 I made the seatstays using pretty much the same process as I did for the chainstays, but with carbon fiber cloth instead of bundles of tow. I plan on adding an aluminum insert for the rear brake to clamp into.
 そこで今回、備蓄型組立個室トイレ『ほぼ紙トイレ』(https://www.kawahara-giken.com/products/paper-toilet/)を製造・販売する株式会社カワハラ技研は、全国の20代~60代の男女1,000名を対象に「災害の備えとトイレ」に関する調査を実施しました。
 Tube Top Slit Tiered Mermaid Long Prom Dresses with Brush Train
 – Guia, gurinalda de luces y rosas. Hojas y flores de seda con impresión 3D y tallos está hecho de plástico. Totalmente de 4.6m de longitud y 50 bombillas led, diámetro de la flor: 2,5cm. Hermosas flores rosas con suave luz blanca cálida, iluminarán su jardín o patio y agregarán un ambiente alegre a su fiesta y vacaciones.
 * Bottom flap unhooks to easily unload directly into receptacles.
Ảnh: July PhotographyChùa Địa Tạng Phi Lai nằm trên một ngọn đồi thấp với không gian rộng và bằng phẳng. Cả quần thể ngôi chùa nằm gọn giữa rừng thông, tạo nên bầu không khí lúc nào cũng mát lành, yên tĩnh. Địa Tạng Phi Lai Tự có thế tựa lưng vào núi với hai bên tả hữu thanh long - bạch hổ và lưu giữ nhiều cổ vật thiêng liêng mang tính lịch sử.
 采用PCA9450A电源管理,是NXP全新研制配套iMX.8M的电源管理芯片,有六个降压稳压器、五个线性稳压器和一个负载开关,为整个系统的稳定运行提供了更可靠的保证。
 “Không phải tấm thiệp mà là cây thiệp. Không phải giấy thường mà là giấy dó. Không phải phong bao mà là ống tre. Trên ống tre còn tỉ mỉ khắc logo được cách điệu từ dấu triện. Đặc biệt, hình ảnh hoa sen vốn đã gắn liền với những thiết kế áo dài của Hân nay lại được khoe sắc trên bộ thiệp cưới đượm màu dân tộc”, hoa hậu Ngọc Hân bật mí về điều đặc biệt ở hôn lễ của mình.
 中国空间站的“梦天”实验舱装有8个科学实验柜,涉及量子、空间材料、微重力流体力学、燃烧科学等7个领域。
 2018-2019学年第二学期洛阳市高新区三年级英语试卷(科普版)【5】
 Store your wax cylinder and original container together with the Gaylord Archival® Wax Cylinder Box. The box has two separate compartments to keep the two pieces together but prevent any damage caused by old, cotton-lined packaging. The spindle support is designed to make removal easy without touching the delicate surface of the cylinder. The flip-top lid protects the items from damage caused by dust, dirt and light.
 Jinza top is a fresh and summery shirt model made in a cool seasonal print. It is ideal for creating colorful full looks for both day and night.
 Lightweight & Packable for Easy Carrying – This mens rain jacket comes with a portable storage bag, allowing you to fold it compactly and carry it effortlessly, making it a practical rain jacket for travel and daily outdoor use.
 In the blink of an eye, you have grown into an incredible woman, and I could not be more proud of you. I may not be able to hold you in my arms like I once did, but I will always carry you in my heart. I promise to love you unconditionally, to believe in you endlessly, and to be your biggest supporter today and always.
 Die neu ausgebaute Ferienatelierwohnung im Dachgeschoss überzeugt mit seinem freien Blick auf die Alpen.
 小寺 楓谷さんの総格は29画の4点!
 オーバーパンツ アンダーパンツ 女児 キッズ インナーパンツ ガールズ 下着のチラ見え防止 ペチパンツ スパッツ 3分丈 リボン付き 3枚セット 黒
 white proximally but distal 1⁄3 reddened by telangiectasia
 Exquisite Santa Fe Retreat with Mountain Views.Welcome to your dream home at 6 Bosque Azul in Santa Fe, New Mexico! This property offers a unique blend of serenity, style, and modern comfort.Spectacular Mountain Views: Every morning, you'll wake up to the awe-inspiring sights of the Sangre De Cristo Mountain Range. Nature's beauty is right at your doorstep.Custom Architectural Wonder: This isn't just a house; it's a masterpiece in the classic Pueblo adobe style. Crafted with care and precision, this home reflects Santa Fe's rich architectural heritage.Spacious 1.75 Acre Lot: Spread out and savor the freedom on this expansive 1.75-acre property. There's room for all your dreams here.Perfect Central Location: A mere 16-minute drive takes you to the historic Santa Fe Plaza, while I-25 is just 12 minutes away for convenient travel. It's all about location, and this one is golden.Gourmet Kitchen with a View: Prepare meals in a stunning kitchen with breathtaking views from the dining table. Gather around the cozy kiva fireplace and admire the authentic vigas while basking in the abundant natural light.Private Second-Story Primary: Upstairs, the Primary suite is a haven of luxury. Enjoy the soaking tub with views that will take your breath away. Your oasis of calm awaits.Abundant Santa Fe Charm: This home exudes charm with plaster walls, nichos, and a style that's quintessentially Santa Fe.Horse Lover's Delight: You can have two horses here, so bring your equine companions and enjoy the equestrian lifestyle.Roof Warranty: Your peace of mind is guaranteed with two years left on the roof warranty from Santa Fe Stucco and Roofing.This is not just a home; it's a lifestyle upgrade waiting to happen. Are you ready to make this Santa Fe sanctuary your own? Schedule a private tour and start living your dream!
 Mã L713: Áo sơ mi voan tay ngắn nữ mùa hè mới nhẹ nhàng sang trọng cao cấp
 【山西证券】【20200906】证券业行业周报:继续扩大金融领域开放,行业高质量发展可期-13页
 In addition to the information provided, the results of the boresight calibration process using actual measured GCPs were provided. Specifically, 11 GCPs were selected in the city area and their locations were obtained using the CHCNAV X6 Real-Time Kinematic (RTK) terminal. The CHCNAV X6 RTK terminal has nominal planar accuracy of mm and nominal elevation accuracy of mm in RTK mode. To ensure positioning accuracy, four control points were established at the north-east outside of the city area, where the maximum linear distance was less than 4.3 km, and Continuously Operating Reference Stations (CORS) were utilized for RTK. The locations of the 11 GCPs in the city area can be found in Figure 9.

### What you should do
Using the records above, pull out each line where the word "into" occurs.

### Exercise result
 I made the seatstays using pretty much the same process as I did for the chainstays, but with carbon fiber cloth instead of bundles of tow. I plan on adding an aluminum insert for the rear brake to clamp into.
 * Bottom flap unhooks to easily unload directly into receptacles.
 In the blink of an eye, you have grown into an incredible woman, and I could not be more proud of you. I may not be able to hold you in my arms like I once did, but I will always carry you in my heart. I promise to love you unconditionally, to believe in you endlessly, and to be your biggest supporter today and always.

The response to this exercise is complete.